Exercise details: Keep to one stretch of the data below, the lines from the one with "注意:查了下原文的图片,回归" up to and including the one with "Imagínense que deje", and return that stretch exactly.

Records to use:
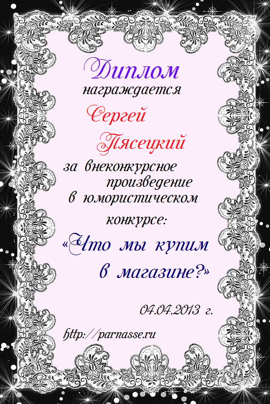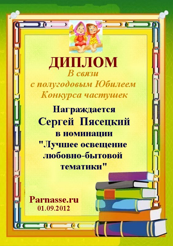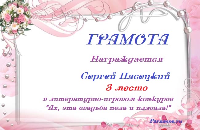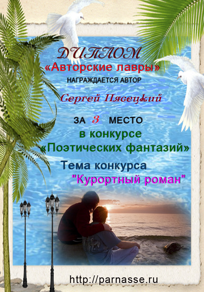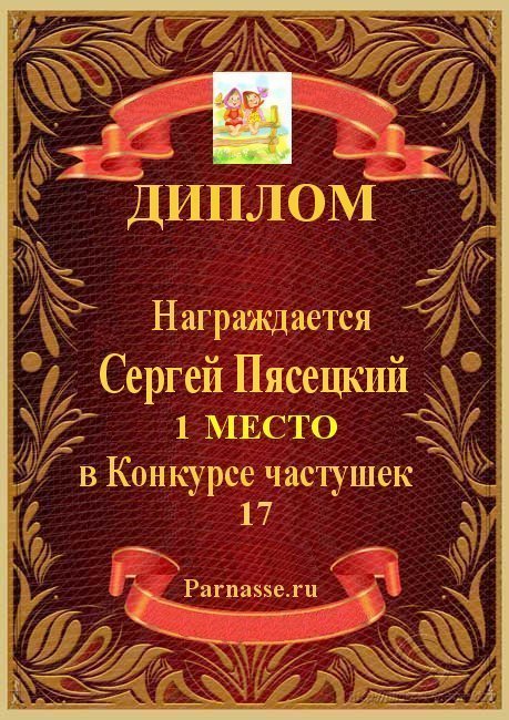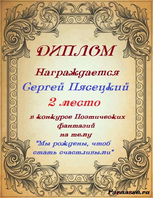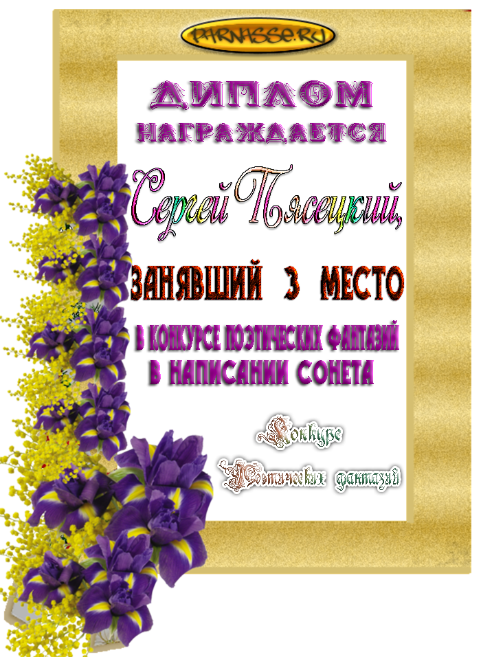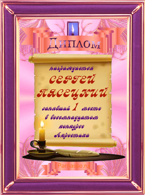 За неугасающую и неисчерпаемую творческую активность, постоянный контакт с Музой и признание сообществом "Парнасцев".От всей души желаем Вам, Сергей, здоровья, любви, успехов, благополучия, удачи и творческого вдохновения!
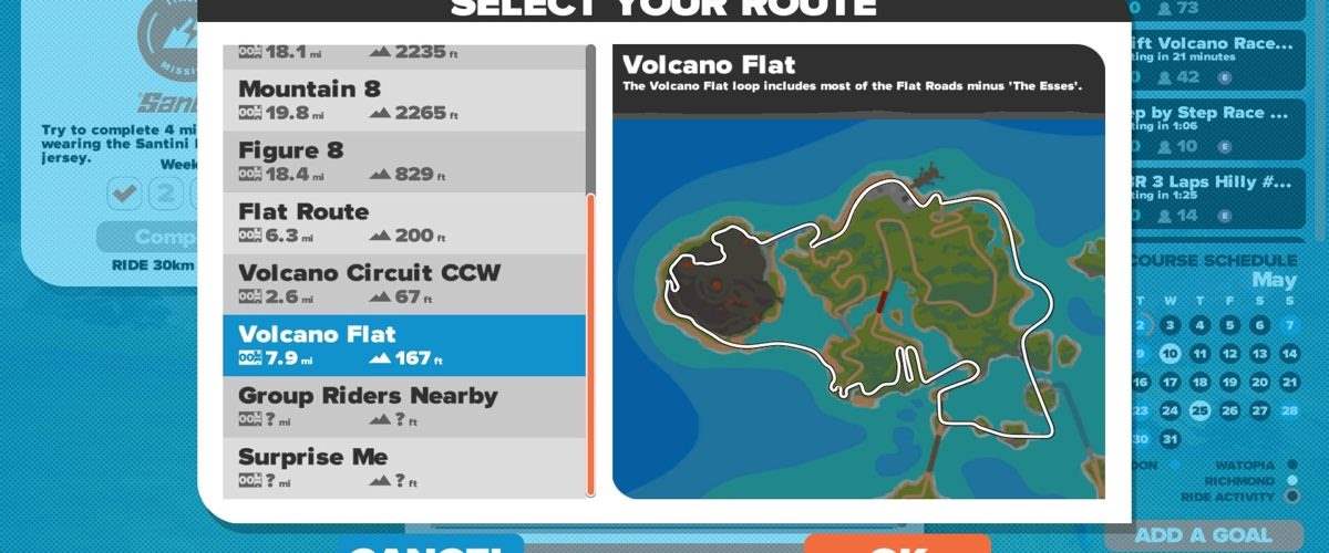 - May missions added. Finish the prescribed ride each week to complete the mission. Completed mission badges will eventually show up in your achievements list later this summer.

==

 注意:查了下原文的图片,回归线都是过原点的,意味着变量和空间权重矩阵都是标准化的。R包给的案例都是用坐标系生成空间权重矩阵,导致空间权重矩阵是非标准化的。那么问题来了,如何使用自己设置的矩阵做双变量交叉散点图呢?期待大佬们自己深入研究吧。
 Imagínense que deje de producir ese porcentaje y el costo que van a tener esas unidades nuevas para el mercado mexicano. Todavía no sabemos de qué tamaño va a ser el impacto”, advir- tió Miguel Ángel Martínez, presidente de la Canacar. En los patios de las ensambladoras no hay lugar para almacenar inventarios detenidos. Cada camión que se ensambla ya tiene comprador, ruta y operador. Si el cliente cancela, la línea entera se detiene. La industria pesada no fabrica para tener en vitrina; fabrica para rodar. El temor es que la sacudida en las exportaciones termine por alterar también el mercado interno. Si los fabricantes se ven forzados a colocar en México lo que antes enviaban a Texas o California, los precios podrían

Answer section:
 注意:查了下原文的图片,回归线都是过原点的,意味着变量和空间权重矩阵都是标准化的。R包给的案例都是用坐标系生成空间权重矩阵,导致空间权重矩阵是非标准化的。那么问题来了,如何使用自己设置的矩阵做双变量交叉散点图呢?期待大佬们自己深入研究吧。
 Imagínense que deje de producir ese porcentaje y el costo que van a tener esas unidades nuevas para el mercado mexicano. Todavía no sabemos de qué tamaño va a ser el impacto”, advir- tió Miguel Ángel Martínez, presidente de la Canacar. En los patios de las ensambladoras no hay lugar para almacenar inventarios detenidos. Cada camión que se ensambla ya tiene comprador, ruta y operador. Si el cliente cancela, la línea entera se detiene. La industria pesada no fabrica para tener en vitrina; fabrica para rodar. El temor es que la sacudida en las exportaciones termine por alterar también el mercado interno. Si los fabricantes se ven forzados a colocar en México lo que antes enviaban a Texas o California, los precios podrían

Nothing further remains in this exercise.